More or less the whole day Friday in the Colorado House of Representatives was wasted on a marathon and factually-challenged debate over House Bill 19-1032, legislation to requiring that if sex ed courses in Colorado are taught, which is not mandatory, that they provide medically accurate and nondiscriminatory information.
As we saw previously in debate over this bill in the House Health and Insurance Committee, there was very little connection between the reality of what this legislation would do and the views of its opponents–who turned public testimony on the bill into a lurid freakshow of ill-informed homophobia. And as 9NEWS’ Marshall Zelinger reported last night, Republican House lawmakers proved every bit as unhinged as the public witnesses–if perhaps a bit less outright vulgar for decorum’s sake.
“House Bill 19-1032 requires schools that provide comprehensive sex education to teach pro-LGBTQ sex education while banning the teaching of religious or values-based sex education,” [Rep. Steve] Humphrey read from the email.

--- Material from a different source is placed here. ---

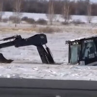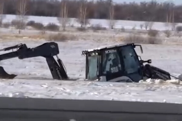 На кадрах с места происшествия видны два экскаватора-погрузчика и грейдер, оказавшиеся в воде, их колеса не видны под поверхностью льда. Рядом находятся люди, которые безуспешно пытаются извлечь тяжелую технику.

He didn’t say if he corrected the constituent with accurate information, but here it is: sex education classes in Colorado have been required to include conversations on lesbian, gay, bisexual and transgender communities since the 2013 version of this bill was signed into law by then-Gov. John Hickenlooper.
The current sex ed bill doesn’t add that. It already exists. And it doesn’t ban religious sex education discussion.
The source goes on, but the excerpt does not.